Self-assembly of bianthracene precursors on copper(111). a Bottom-up fabrication of graphene nanoribbons via deposition of dibromo-biranthracene (Br2BA) on a copper 111 (Cu(111)) surface. The molecules form chain-shaped ‘islands’ via self-assembly, which undergo a chemical reaction to form graphene nanoribbons upon heating5. The Cu(111) surface is in the plane of the page, but not shown explicitly. Bromine functional groups are indicated by the red circles. b Some typical islands formed at 200 K by various bianthracene molecules possessing different functional groups (as predicted by the GAMMA model11). The percentages are probabilities of forming isolated chain-shaped islands. Functional groups are indicated by the red circles. Gray spheres = carbon, white spheres = hydrogen, red–brown spheres = bromine, and blue spheres = nitrogen atoms.

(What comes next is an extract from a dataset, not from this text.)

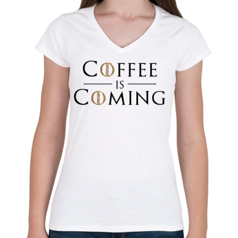1 kép PRINTFASHION Coffee is Coming - Női V-nyakú póló - Fehér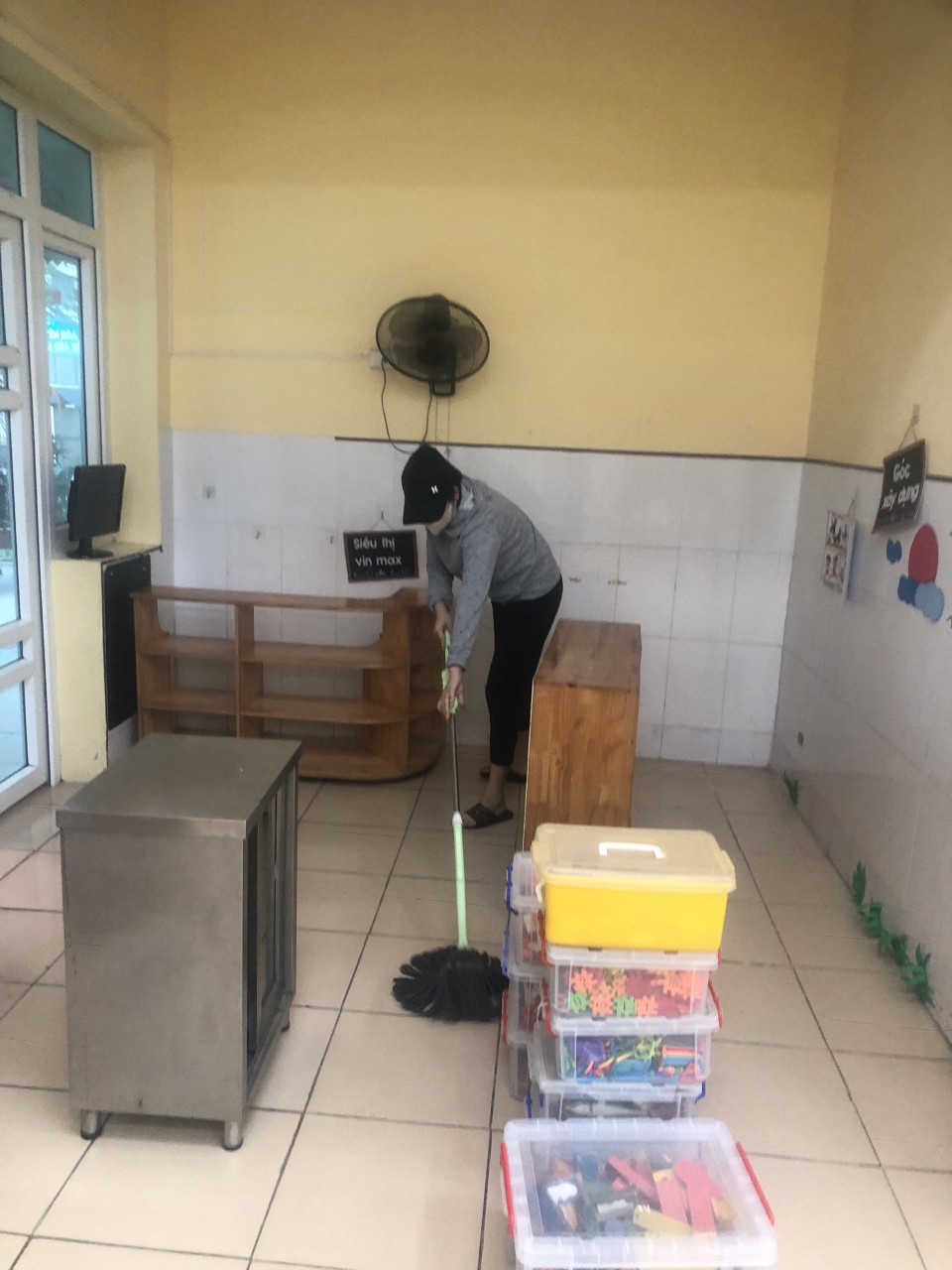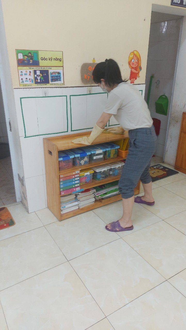 Sau khi thực hiện công tác phun thuốc muỗi BGH nhà trường đã chỉ đạo 100% CBGVNV trong toàn trường thực hiện tổng vệ sinh lau dọn, cọ rửa đồ dùng đồ chơi, sàn nhà, tường, cửa trong lớp và lau rửa, dọn dẹp toàn bộ khuôn viên ngoài lớp học, đồ chơi ngoài

All molecule structures were drawn in Materials Studio Visualizer28

A useful feature of the above system is that by simply varying the functional group attached to the bianthracene unit, we can systematically explore the connection between precursor molecule structure and the self-assembly outcome. In fact whereas bromine-functionalized bianthracene (Br2BA) produces (3,1)-chiral edge GNRs when deposited on Cu(111), hydrogen-functionalized bianthracene (H2BA) is known to produce the same GNRs but with slightly longer lengths6. The propensity to form chain-shaped islands therefore appears to be stronger for H2BA than Br2BA. On the other hand, methyl-functionalized bianthracene ((CH3)2BA) on Cu(111) does not produce chain-shaped islands at all, and tends to assemble into relatively formless islands11. Simulations using GAMMA (generalized block assembly machine learning equivalence class sampling) modeling[11] also predict a strong dependence of island shape on functional group (Fig. 1b). By connecting functional group properties with the outcome of bianthracene molecular self-assembly, we would be able to identify new bianthracene precursors for fabricating GNRs with novel shapes, and will also gain insights relevant to bottom-up fabrication on metal surfaces in general.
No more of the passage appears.